Description of the task:
Below this line are records; transcribe exactly the lines between the one holding "Kundenstopper mit Abstandsregel" and the one holding "작성자백곰조련사 작성시간 26.03.23", inclusive, and omit the pictures.

Extracted records:
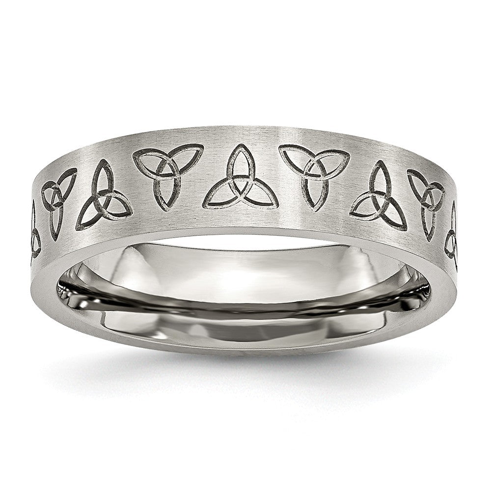 Introducing the Stainless Steel Engraved Trinity Symbol Brushed 6mm Band – a timeless representation of unity and everlasting love. This beautifully crafted band, made from high-quality stainless steel, combines contemporary elegance with symbolic meaning to deliver an eye-catching piece you will be proud to wear and cherish.
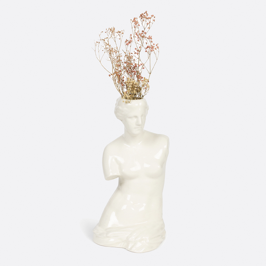 Стильная ваза Venus, выполненная в форме богини Венеры, – вдохновленный античным искусством аксессуар и подарок, способный ярко выразить любовь к близкому человеку. Скульптура с плавными изгибами подчеркнет красоту цветов и станет органичной частью как классического, так и современного интерьера. Экологически чистая керамика безвредна для окружающей среды.
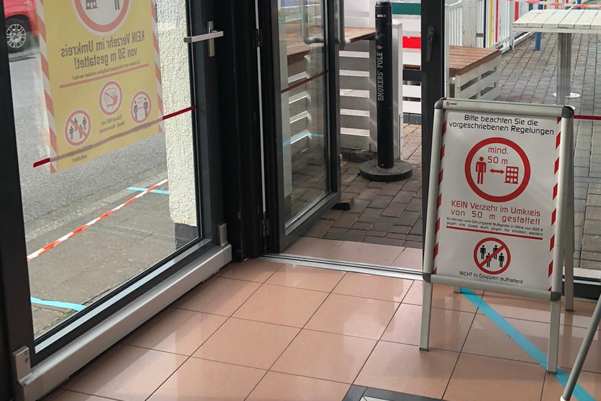 Kundenstopper mit Abstandsregel bei Cucco's Gelateria
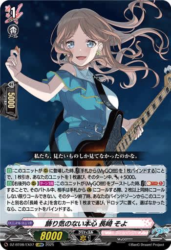 【自】【右後列の(R)】【ターン1回】:このユニットが〈MyGO!!!!!〉をブーストした時、【コスト】[【ソウルブラスト】(1)]することで、そのバトル中、相手は手札から(G)にコールする際、2枚以上同時にコールしない限りコールできない。そのターン終了時、あなたのバインドゾーンからこのユニットと別名の「長崎 そよ」を含むカードを1枚まで選び、ドロップに置く。選ばなかったなら、このユニットをバインドする。
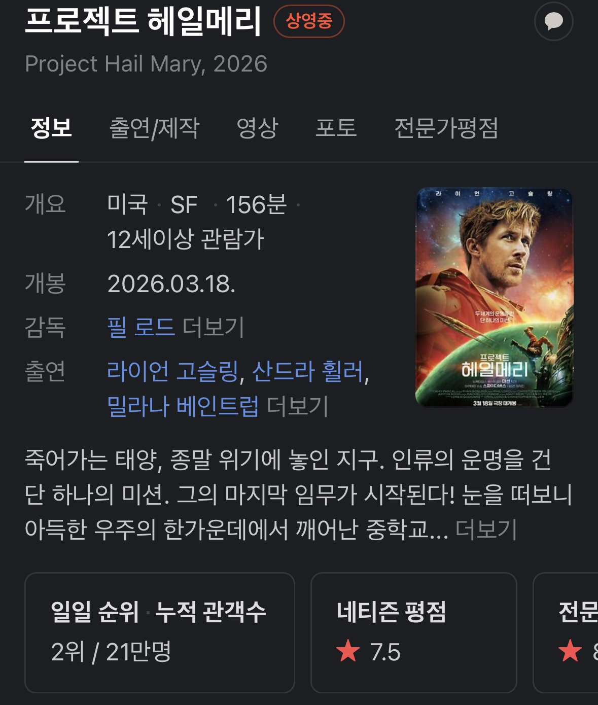 작성자백곰조련사 작성시간 26.03.23 아이들이랑 나중에 꼭 같이 다시 보고 싶네요. 어벤져스3이후 최고였던듯, 너무 재밌게 잘봣어요.
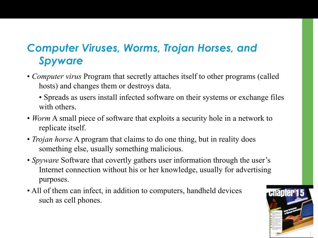 Computer Viruses, Worms, Trojan Horses, and Spyware • • Computer virus Program that secretly attaches itself to other programs (called hosts) and changes them or destroys data. • • Spreads as users install infected software on their systems or exchange files with others. • • Worm A small piece of software that exploits a security hole in a network to replicate itself. • • Trojan horse A program that claims to do one thing, but in reality does something else, usually something malicious. • • Spyware Software that covertly gathers user information through the user’s Internet connection without his or her knowledge, usually for advertising purposes. • • All of them can infect, in addition to computers, handheld devices such as cell phones.

Task output:
 Kundenstopper mit Abstandsregel bei Cucco's Gelateria
 【自】【右後列の(R)】【ターン1回】:このユニットが〈MyGO!!!!!〉をブーストした時、【コスト】[【ソウルブラスト】(1)]することで、そのバトル中、相手は手札から(G)にコールする際、2枚以上同時にコールしない限りコールできない。そのターン終了時、あなたのバインドゾーンからこのユニットと別名の「長崎 そよ」を含むカードを1枚まで選び、ドロップに置く。選ばなかったなら、このユニットをバインドする。
 작성자백곰조련사 작성시간 26.03.23 아이들이랑 나중에 꼭 같이 다시 보고 싶네요. 어벤져스3이후 최고였던듯, 너무 재밌게 잘봣어요.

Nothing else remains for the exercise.